HTTP/1.1, which most REST APIs use, has head-of-line blocking: only one outstanding request per connection. Browsers work around this by opening multiple connections, but microservices doing this reintroduce TCP slow-start overhead. HTTP/2 solves this with multiplexing, but most REST implementations do not enable it.

Finally, REST is request-response: one request, one response, done. If you want to stream a large response or have the server push events, you bolt something on top - chunked transfer, Server-Sent Events, WebSockets - each with its own complexity.

gRPC addresses all of this systematically.

What gRPC Is

gRPC is a Remote Procedure Call framework. The idea is older than REST: instead of thinking about “resources” and “HTTP verbs,” you think about “calling a function on another machine.” The network is hidden behind what looks like a local function call.

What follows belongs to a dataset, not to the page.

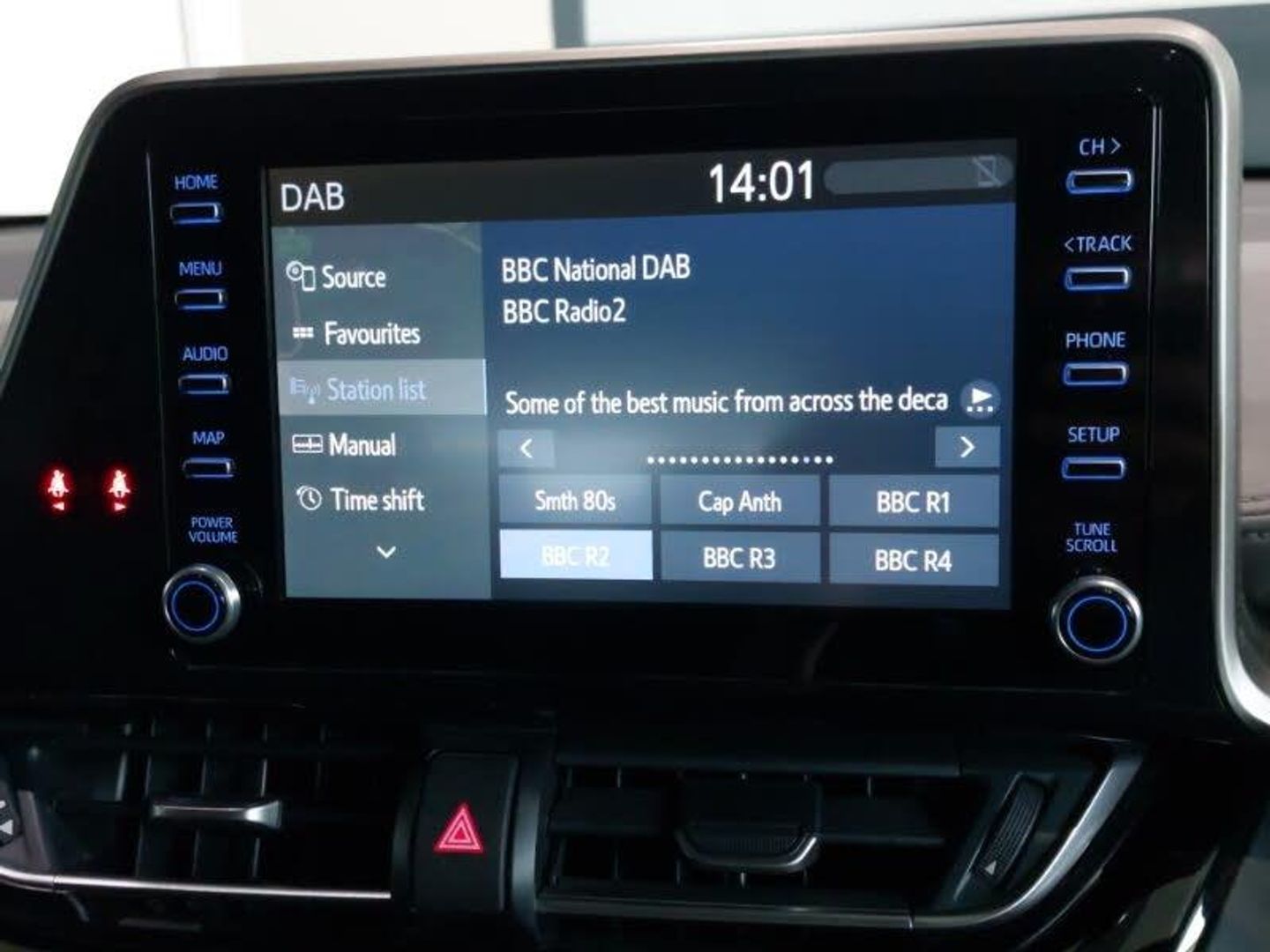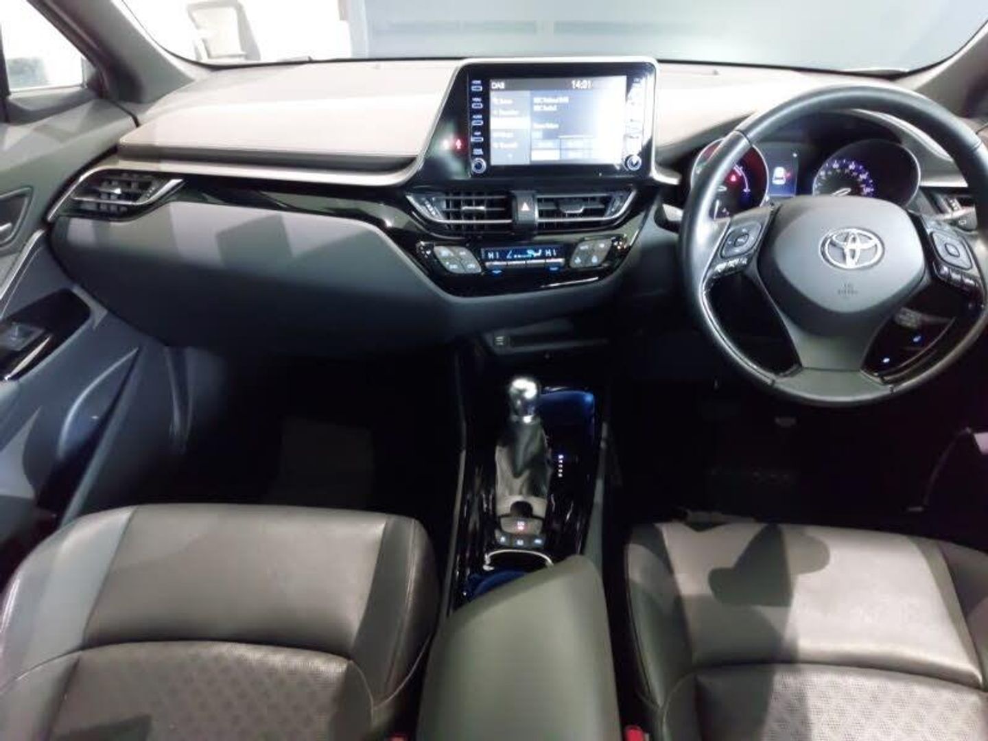 4.2" coloured TFT screen for multi-information display, Leather pack - C-HR, Tech with parking sensor pack - C-HR, Heated steering wheel, Adaptive cruise control, Bluetooth connectivity, Hybrid system indicator, Lane departure alert with steering control, Reversing camera, Simple Intelligent parking assist, Touch 2 Go navigation system, Toyota touch 2 multimedia system with 8" display, USB connector, Wi-fi connectivity, Adaptive LED Headlights, LED daytime running lights, LED front light guide, LED fog lights, LED High mounted stop light, LED rear brake lights, LED rear combination lights, Blue ambient lighting on front doors, Dual zone automatic air conditioning

gRPC was developed at Google, open-sourced in 2015, and is built on two technologies: Protocol Buffers for serialization and HTTP/2 for transport.

You define your API in a .proto file:

service UserService {
  rpc GetUser (GetUserRequest) returns (User);
  rpc ListUsers (ListUsersRequest) returns (stream User);
}

message GetUserRequest {
  int64 user_id = 1;
}

message User {
  int64 id = 1;
  string name = 2;
  string email = 3;
}

The protoc compiler takes this definition and generates client and server stub code in whatever language you choose - Go, Python, Java, Rust, C++, Node.js, and many others. The generated client code has a GetUser method you call like any local function. The generated server code has an interface you implement. The network, serialization, and HTTP/2 framing are completely invisible.

Protocol Buffers: Schema-First Binary Serialization

Protocol Buffers (protobuf) is Google’s language-neutral, platform-neutral, extensible mechanism for serializing structured data. Unlike JSON, it is binary and schema-first.

Each field has a number (the = 1, = 2 in the example) that is what actually goes on the wire. Field names are not serialized - only numbers. This makes the wire format compact. It also enables backward compatibility: if you add a new field to a message, old clients that don’t know about it simply ignore the unknown field number. If you remove a field, old clients that expected it get the default value (zero, empty string, etc.). As long as you never reuse a field number for a different type, old and new code can interoperate.

The binary format is significantly smaller and faster to parse than JSON. Google’s own benchmarks show protobuf messages typically 3-10x smaller than equivalent JSON, and 20-100x faster to serialize and deserialize. For services making millions of calls per minute, this is meaningful CPU and bandwidth savings.

The schema is also a contract. If a service adds a required field and the client does not send it, the error surfaces at compile time (when you regenerate the client code) or at the schema validation layer - not as a mysterious null pointer exception in production.

HTTP/2: What It Unlocks

gRPC uses HTTP/2 as its transport, and this is not incidental. HTTP/2’s properties are precisely what make gRPC’s capabilities possible.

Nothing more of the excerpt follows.